Can the Definite Integral of an Exponential Function be Expressed as a Product?

[Greg]

Show that $\int_0^\infty e^{-nx}x^{s-1}\,dx=\dfrac{\prod(s-1)}{n^s}$

I'm not familiar with the techniques that would be used to solve this.

 

[MarkFL]

I would likely begin by stating:

\(\displaystyle I(n,s-1)=\lim_{t\to\infty}\left(\int_0^t e^{-nx}x^{s-1}\,dx\right)\)

Okay, now, for the integral, I would use IBP, where:

\(\displaystyle u=x^{s-1}\,\therefore\,du=(s-1)x^{s-2}\,dx\)
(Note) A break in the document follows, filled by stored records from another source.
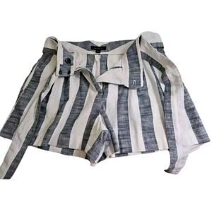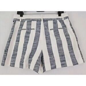Ann Taylor ~Woman Size 8~ White/Gray Striped High Rise Shorts Linen Blend Belted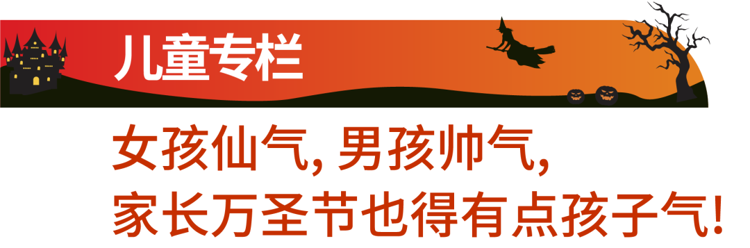 除了大人们会在这一天上街狂欢,小孩子们也算是这一天的主角了。尤其是在台湾市场,万圣节会被当作换装Party,幼儿园或是小学的小朋友们都会穿上自己心爱的或是粑粑麻麻挑选好的服装参加特别活动。小孩子服饰的恐怖元素通常会少很多,若家长也想一块上身亲子装的话,多少就需要舍弃想吓人的想法了。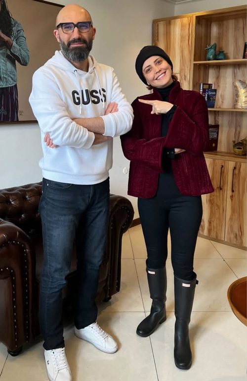 او در این استایل از شلوار اسکینی مشکی به همراه بوتهای بلند مشکی استفاده کرده که بهخوبی جذابیت و شیک بودن استایلش را به نمایش میگذارند. بلوز و سربند مشکی و هماهنگ با دو آیتم دیگر، هماهنگی بینظیری ایجاد کرده و به زیبایی استایل او افزودهاند. اما نکتهای که این استایل را برجسته کرده، کت مخمل زرشکی رنگی است که شبنم به آن اضافه کرده است. رنگ زرشکی در این فصل بسیار پرطرفدار است و این کت بهخوبی با سایر اجزای استایل ترکیب شده تا ظاهری شیک و بهروز به شبنم بدهد. جالبتر این که شبنم قربانی پیشتر نیز این کت مخمل زرشکی را در یک استایل دیگر به کار برده بود و این نشاندهندهی خلاقیت و تنوع در انتخابهای اوست. به نظر میرسد شبنم بهخوبی میداند چگونه یک آیتم خاص را در استایلهای مختلف به کار ببرد و از آن یک ظاهر جدید و شیک بسازد. استفادهی دوباره از این کت، اما در استایلی جدیدتر، بهطور هوشمندانهای نشان میدهد که او با این کت چه استایلهای متفاوتی میتواند خلق کند. این نشاندهندهی هوش مد و توانایی او در ترکیب لباسها بهصورت منحصر به فرد است.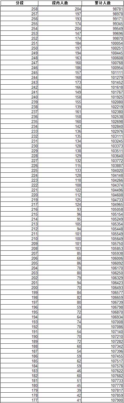 黑龍江省2015年高考文科一分段統計表【6】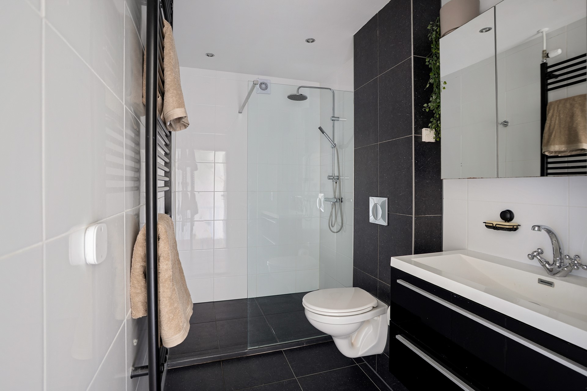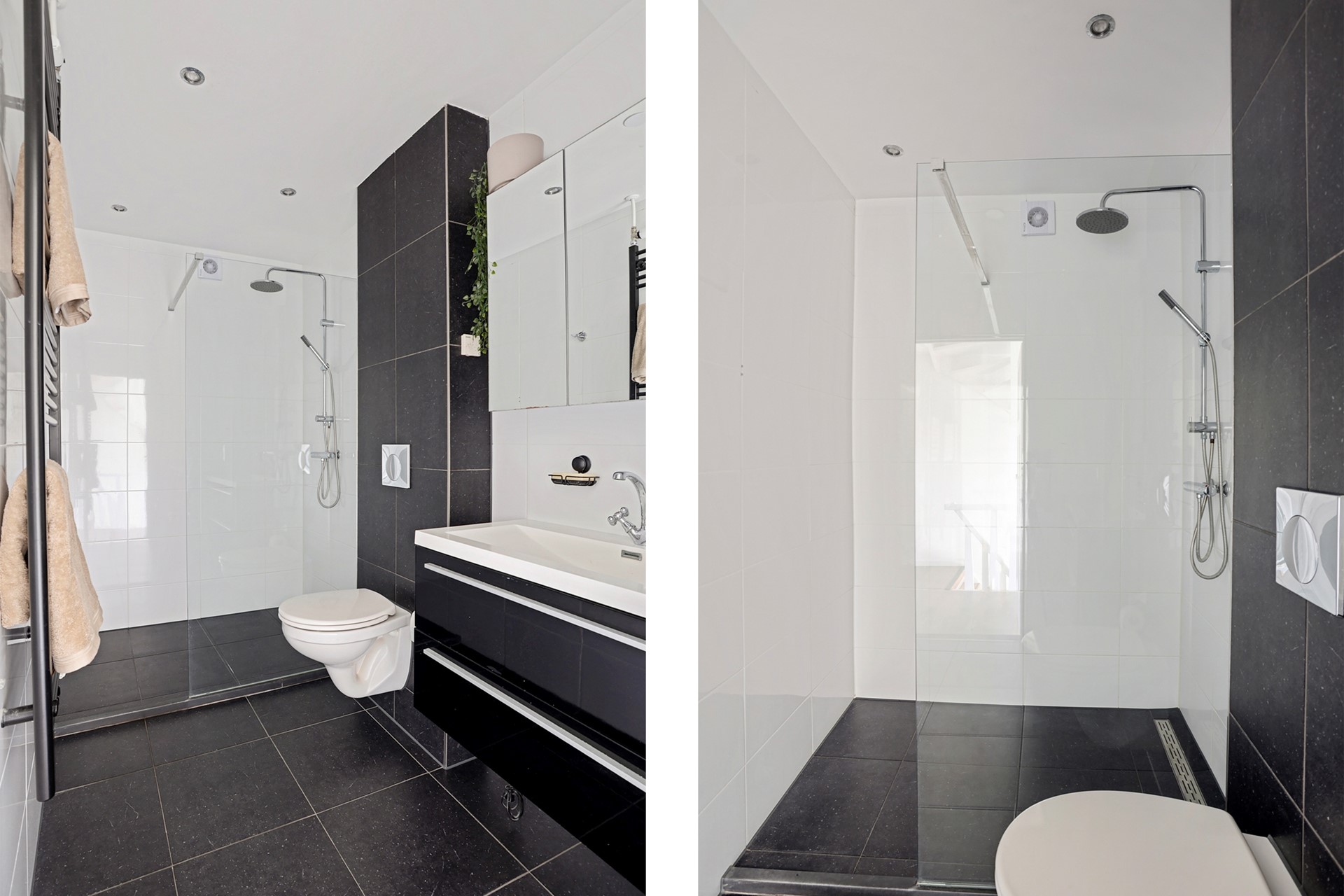 • Moderne badkamer met douche, toilet en wastafelmeubel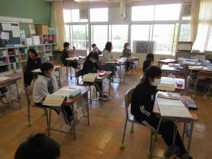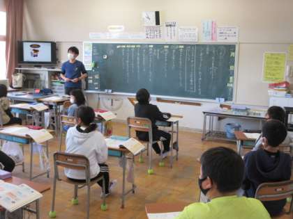 5年生は道徳の授業です。「シンボルマークに込められた思い」という郷土愛について学習する内容でした。最後には 美九里東小のシンボルマークをみんなで考えていました。

\(\displaystyle dv=e^{-nx}\,dx\,\therefore\,v=-\frac{1}{n}e^{-nx}\)

And so we now have:

\(\displaystyle I(n,s-1)=\lim_{t\to\infty}\left(-\frac{1}{n}\left[x^{s-1}e^{-nx}\right]_0^t+\frac{s-1}{n}\int_0^t e^{-nx}x^{s-2}\,dx\right)\)
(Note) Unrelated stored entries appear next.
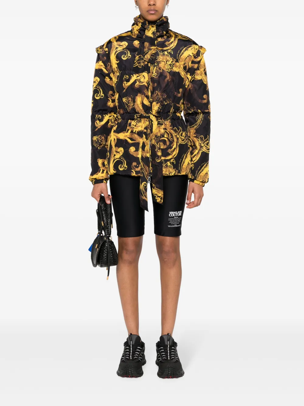 Подробнее о товаре: • черный/золотистый • на пуху • водонепроницаемый материал • дутый материал • стеганная модель • принт в стиле барокко • сплошной принт с логотипом • пуллер с логотипом • воротник-стойка • заниженная линия плеч • длинные рукава • эластичные манжеты • два кармана на молнии по бокам • ремешок на воротнике • двусторонняя молния спереди • застежка на кнопке • прямой подол • цельная подкладка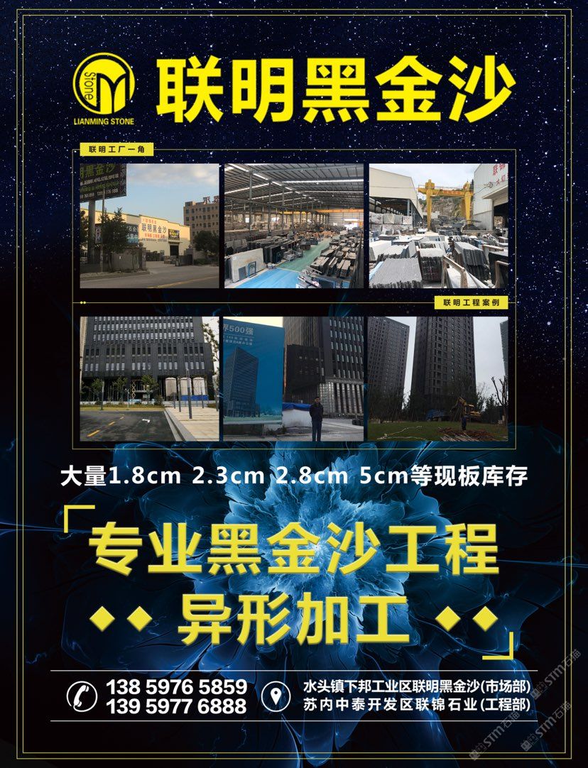 【聯(lián)明?黑金沙】——大工廠的規(guī)模和質(zhì)量,小廠的價(jià)格。兩工廠共占地35左右畝地,一廠為市場(chǎng)部位于水頭鎮(zhèn)下邦工業(yè)區(qū),二廠為工程運(yùn)營(yíng)中心位于石井中泰集控區(qū),是一家集礦山、生產(chǎn)、加工為一體化的綜合性專業(yè)化石材工廠,有著十幾年的黑金沙經(jīng)驗(yàn),公司主要經(jīng)營(yíng)黑金沙市場(chǎng)板,工程板,黑金沙異型加工。工程案例有:1、上海楊浦區(qū)149項(xiàng)目中船大廈,黑金沙總用量3萬平方;2、蒼南天和家園共3期,黑金沙總用量5萬平方;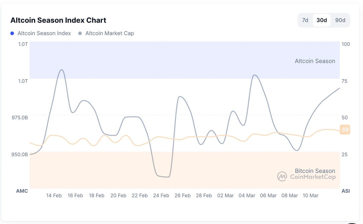 "Altcoin season" social media mentions at multi-year lows

\(\displaystyle I(n,s-1)=\frac{s-1}{n}I(s-2,n)+\frac{1}{n}\lim_{t\to\infty}\left(\frac{x^{t-1}}{e^{nt}}\right)\)

We observe that the limit goes to zero (polynomial over an exponential) and we have:

\(\displaystyle I(n,s-1)=\frac{s-1}{n}I(n,s-2)\)
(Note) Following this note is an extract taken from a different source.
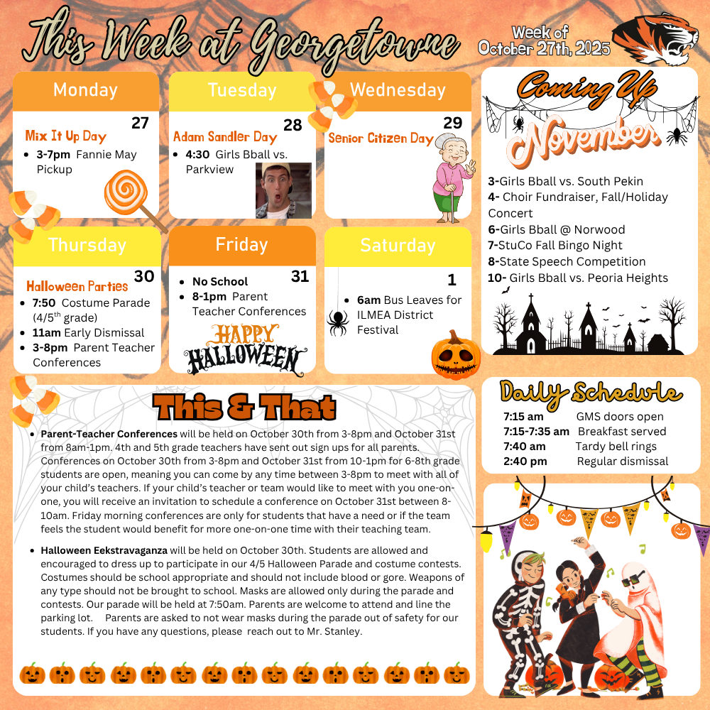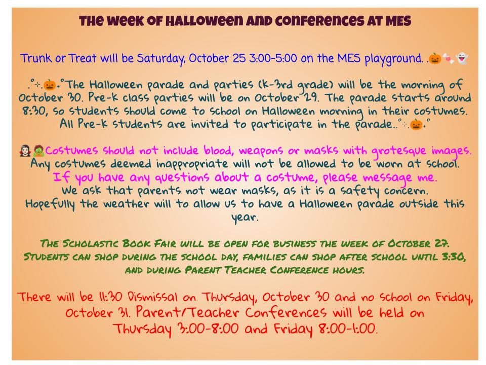 It is a BIG and BUSY week in District 102! Below you will find info for Halloween celebrations and P/T Conferences for both MES and GMS. We can't wait so see your creative costumes and meet with parents to kick off a wonderful Halloween weekend!

Now, if we repeat this process another $s-2$ times, we obtain:

\(\displaystyle I(n,s-1)=\frac{(s-1)!}{n^{s-1}}I(n,0)=\frac{(s-1)!}{n^{s-1}}\lim_{t\to\infty}\left(\int_0^t e^{-nx}\,dx\right)=\frac{(s-1)!}{n^s}\)

 

[alyafey22]

Start by

$$\int_0^\infty e^{-sx}\,dx=\dfrac{1}{s}$$

Take the nth derivative with respect to $s$

$$\int_0^\infty e^{-sx}x ^n\,dx=\dfrac{n!}{s^{1+n}}$$

 

[I like Serena]

Let's start with the definition of $\Pi$, which is:
$$\Pi(z)=\int_0^\infty e^{-t} t^z \,dt$$
Now we can substitute $z=s-1$ and $t=nx$.

Btw, if we start with the factorial, we can't "just" switch to $\Pi$ can we?

 

[alyafey22]

Btw, if we start with the factorial, we can't "just" switch to $\Pi$ can we?

No we can't. This is under the assumption we work with natural numbers.